Volume management deficiencies

• Lacking visibility into the hardware layer, the filesystem could not effectively use the parallelism inherent in multiple disks — and could not effectively schedule I/O

• Spindles were underutilized (leaving bandwidth and/or IOPS on the table) or overutilized (thrashing the device and yielding pathological performance

• Management was a nightmare: filesystems could not be expanded or shrunk — requiring every filesystem to know in advance its intended capacity

The ZFS revolution

• Starting in 2001, Sun began a revolutionary new software effort: to unify storage and eliminate the divide

• In this model, filesystems would lose their one-to-one association with devices: many filesystems would be multiplexed on many devices

• By starting with a clean sheet of paper, ZFS opened up vistas of innovation — and by its architecture was able to solve many otherwise intractable problems

• Sun shipped ZFS in 2005, and used it as the foundation of its enterprise storage products starting in 2008

• ZFS was open sourced in 2005; it remains the only open source enterprise-grade filesystem

ZFS advantages

• Copy-on-write design allows on-disk consistency to be always assured (eliminating file system check)

• Copy-on-write design allows constant-time snapshots in unlimited quantity — and writable clones!

• Filesystem architecture allows filesystems to be created instantly and expanded — or shrunk! — on-the-fly

• Integrated volume management allows for intelligent device behavior with respect to disk failure and recovery

• Adaptive replacement cache (ARC) allows for optimal use of DRAM — especially on high DRAM systems

• Support for dedicated log and cache devices allows for optimal use of flash-based SSDs

ZFS at Joyent

• Joyent was the earliest ZFS adopter: becoming (in 2005) the first production user of ZFS outside of Sun

• ZFS is one of the four foundational technologies of Joyent’s SmartOS, our illumos derivative

• The other three foundational technologies in SmartOS are DTrace, Zones and KVM

• Search “fork yeah illumos” for the (uncensored) history of OpenSolaris, illumos, SmartOS and derivatives

• Joyent has extended ZFS to provide better support multi-tenant operation with I/O throttling

ZFS as the basis for object storage?

• We view ZFS as our most foundational differentiator...

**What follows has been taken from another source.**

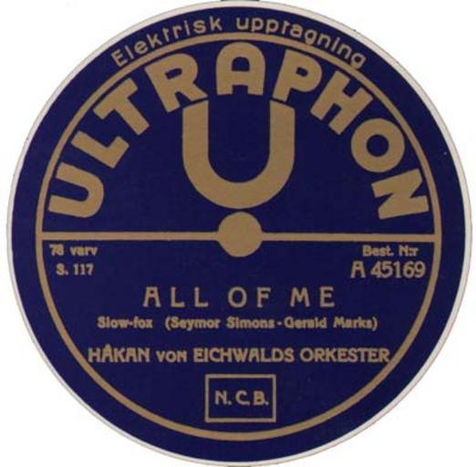 | Keywords: Ultraphon-eichwald.jpg  en Record label Ultraphon A 45169 All of me Håkan von Eichwalds orkester sv Skivetikett Ultraphon A 45169 All of me Håkan von Eichwalds orkester Håkan von Eichwalds orkester 1932 1939 LP Telestar TR 11144 1974 Ultraphon Berlin 1932 PD-old Record labels Håkan von Eichwald |

• As we began to think about building our own internet facing object store in the fall of 2011, we naturally gravitated to ZFS...

• Could we extend ZFS in some important way that would offer something interesting and compelling?

• Short answer: meh

• Operating a public cloud has significant technological and business challenges:

• From a technological perspective, must deliver highly elastic infrastructure with acceptable quality of service across a broad class of users and applications

• From a business perspective, must drive utilization as high as possible while still satisfying customer expectations for quality of service

• These aspirations are in tension: multi-tenancy can significantly degrade quality of service

• The key enabling technology for multi-tenancy is virtualization — but where in the stack to virtualize?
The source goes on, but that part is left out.